Зато сейчас, стоя в рубке и сжимая в руках послушный штурвал, Петрович не спеша поведал молодым матросам о том, что приключилось с ним тридцать один год назад.
…Осенью тысяча девятьсот двадцать второго года вернулся он наконец в родную станицу Кавказскую. Добра он за годы войны не нажил, разве что привез такие гостинцы, как рубцы на теле да тяжелую, сверлящую головную боль. И в хате - пустка, как говорят станичные: выбитые окна, сломанный стул, черные клочья отцовского кожуха. И ни живой души: всю семью порубали богатые казаки…
Ночь он пролежал на полу без сна, с сухими, немигающими глазами и с маузером в правой руке. Никто не пришел, не потревожил домашнего счастья казака-фронтовика. Наутро подался в Кропоткин и заявил коменданту, что хочет еще послужить родине с оружием в руках, а к полудню вернулся в Кавказскую уполномоченным оперативной группы войск ОГПУ…

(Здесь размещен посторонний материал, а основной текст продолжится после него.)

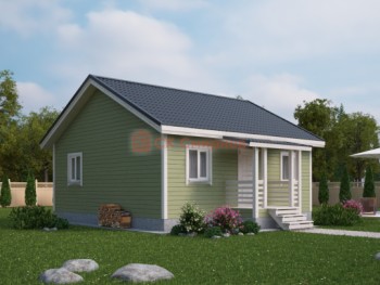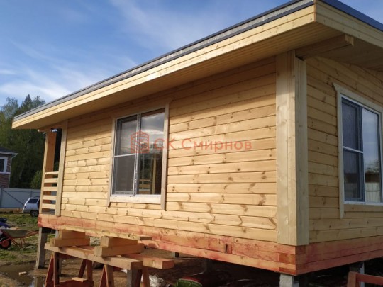 В мае 2020 мы завершили строительство дачного дома из бруса 7 на 9 метров по современному проекту с разноуровневой двускатной крышей. Дом небольшой, но планировка продумана хорошо. На 63 квадратных метрах поместились тамбур, прихожая, две спальни, кухня-гостиная и санузел. Есть большая открытая терраса. Ничего лишнего — все помещения функциональны и неизбыточны.
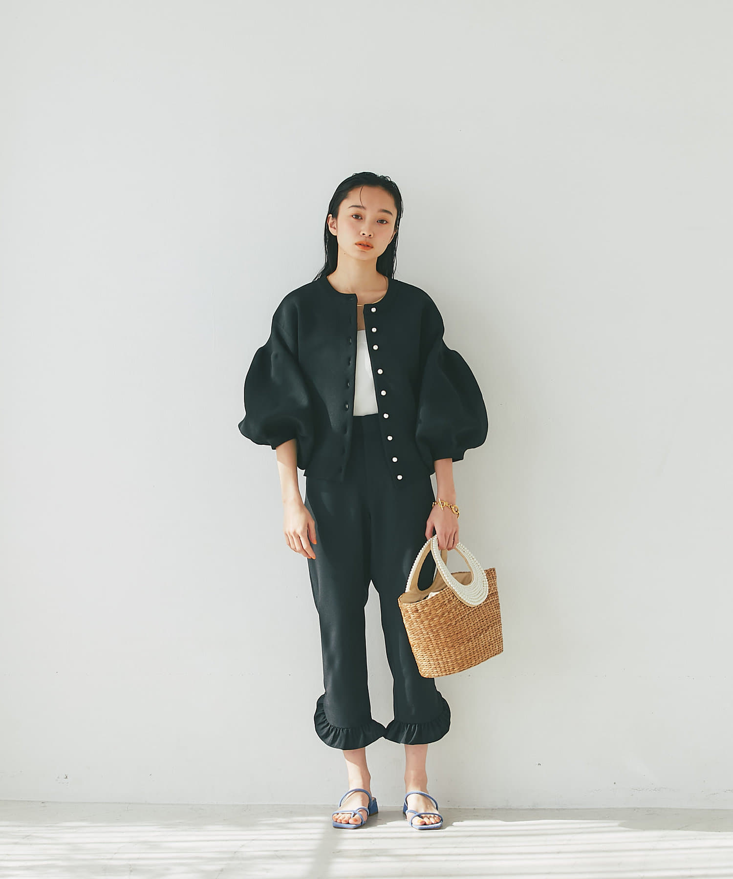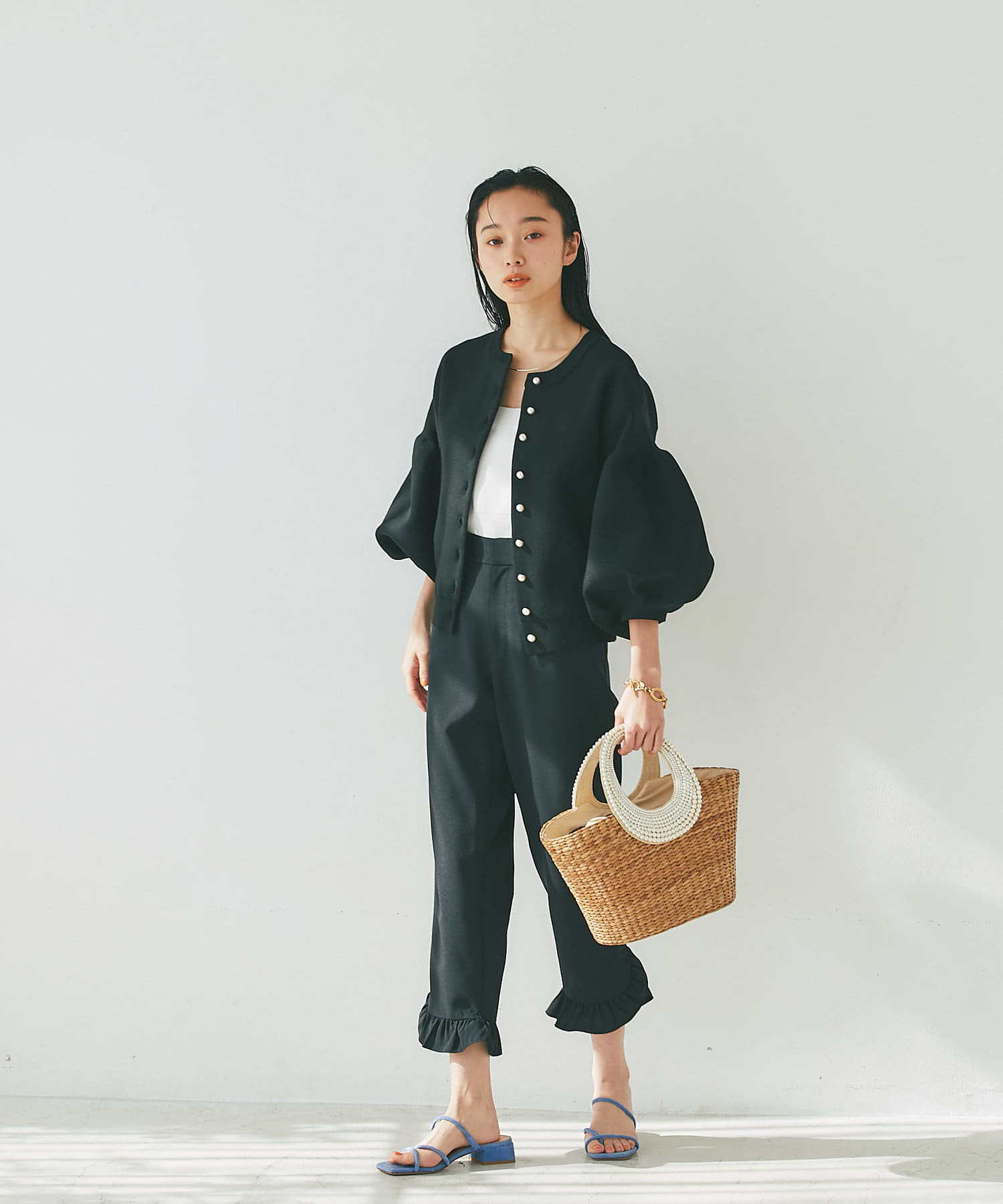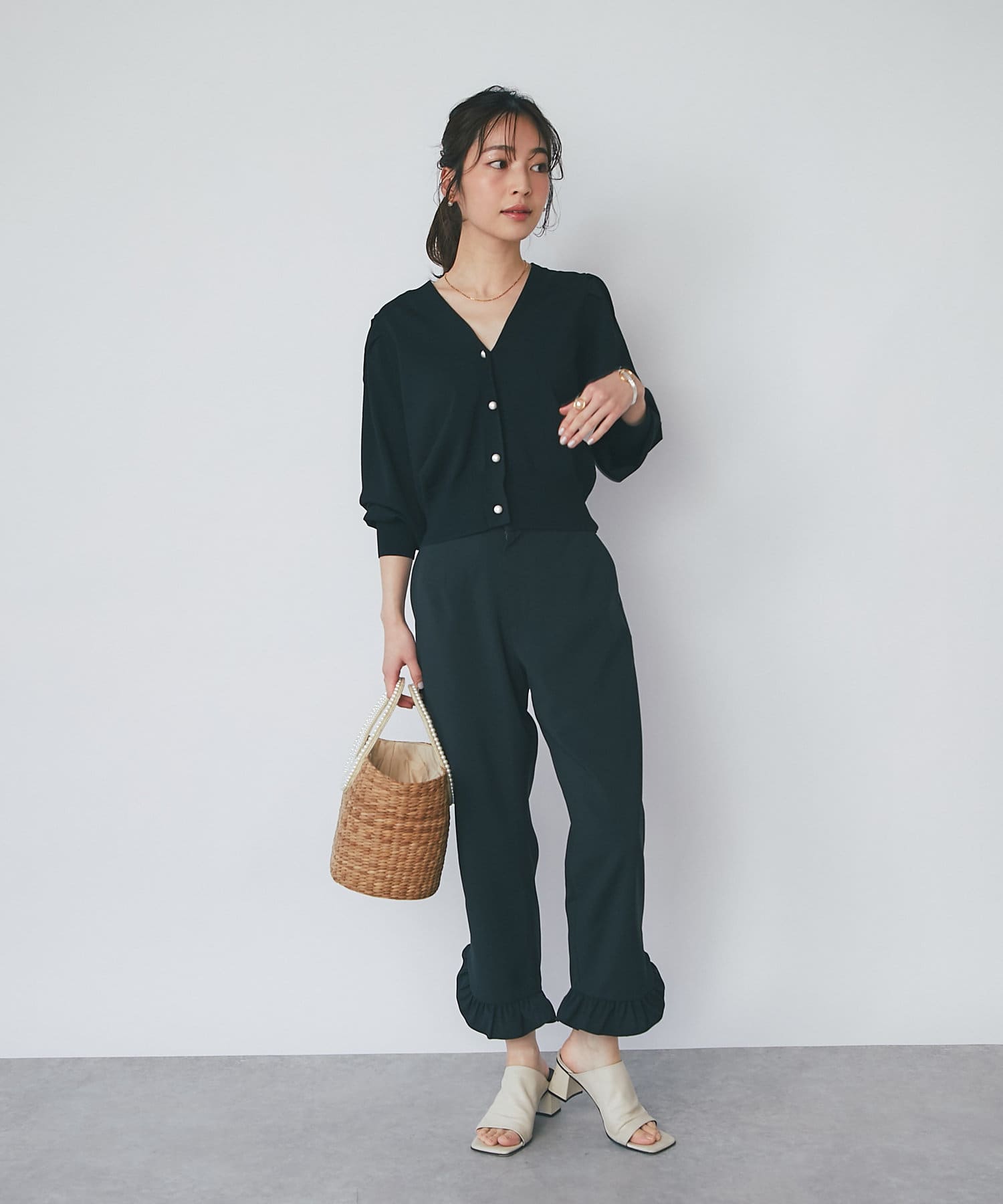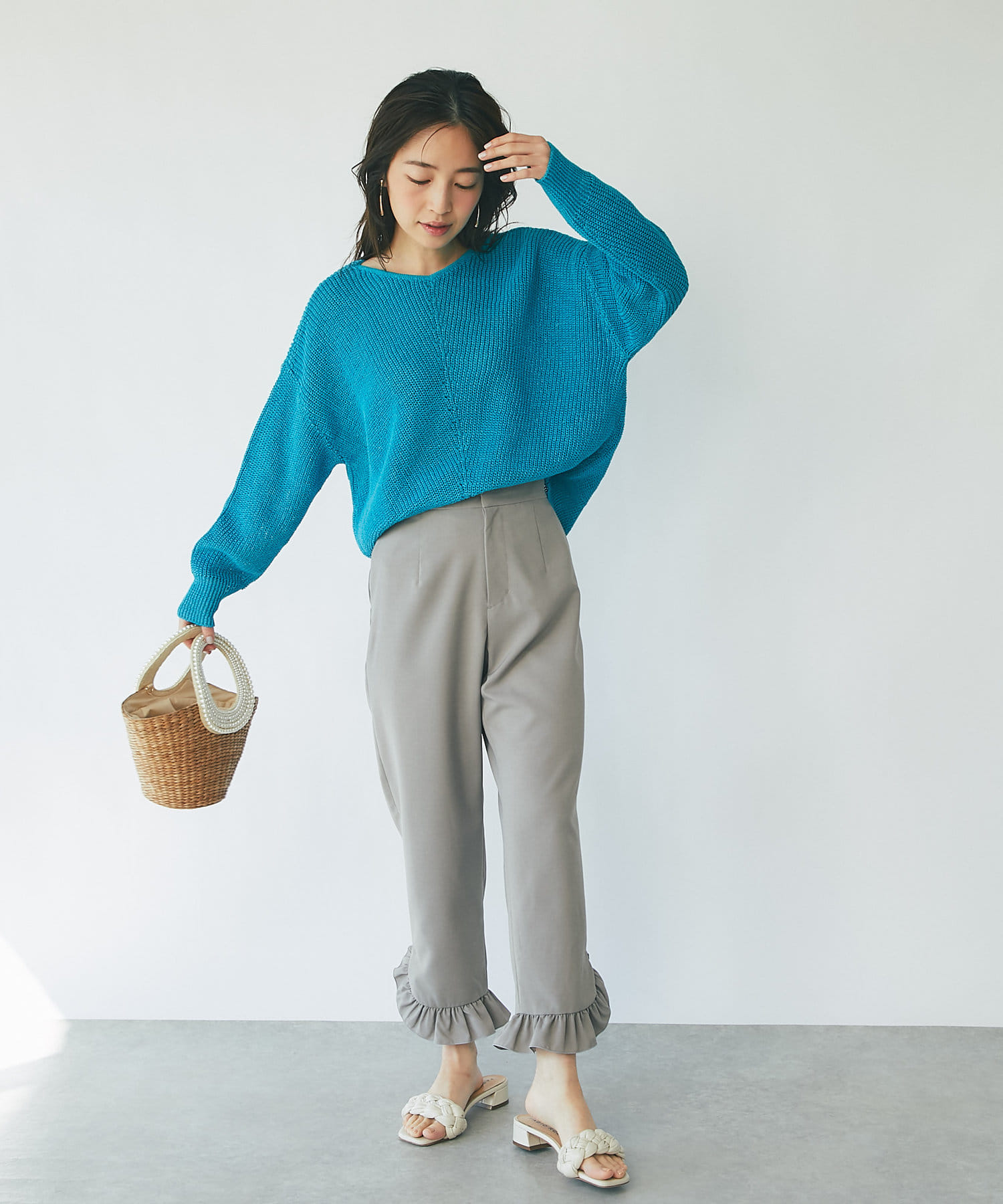 裾のフリルが可愛いフェミニンなクロップドパンツ。

- Дзержинский назначил? - спросил Виктор.
- Бери выше!
- Ленин? - поразился матрос.
- Темный ты человек! Кто бы стал таким людям, пустяками голову морочить? Меня товарищ Грицюк назначил…
- А-а-а,- разочарованно протянул Виктор.
- Скачем мы как-то под утро в метель с дружком Гринченко на хутор, по оперативному заданию. Только подались за околицу Кавказской, наскочили на засаду. Степная метель злая, пуржит похлеще океанской. Первым делом коней наших подбили. Живьем, значит, хотели взять нас, думка была поиздеваться над нами… Зачали перестрелку. Они, слышим, по двое с обеих сторон дороги хоронятся, из обрезов брешут по нас, а мы из-за мертвых коней потихоньку отбрехиваемся. Я двоих положил, а дружок сплоховал, кончил одного и сам богу душу отдал. Только я к нему повернулся, на меня как навалится казарлюга, пудов на шесть. Ну и я, хоть и колотый и стреляный, а тоже не промах был… - Петрович умолк, прислушался к вою ветра, покачал головой.- Опять на восток снесет, паскуда. И когда ему край будет?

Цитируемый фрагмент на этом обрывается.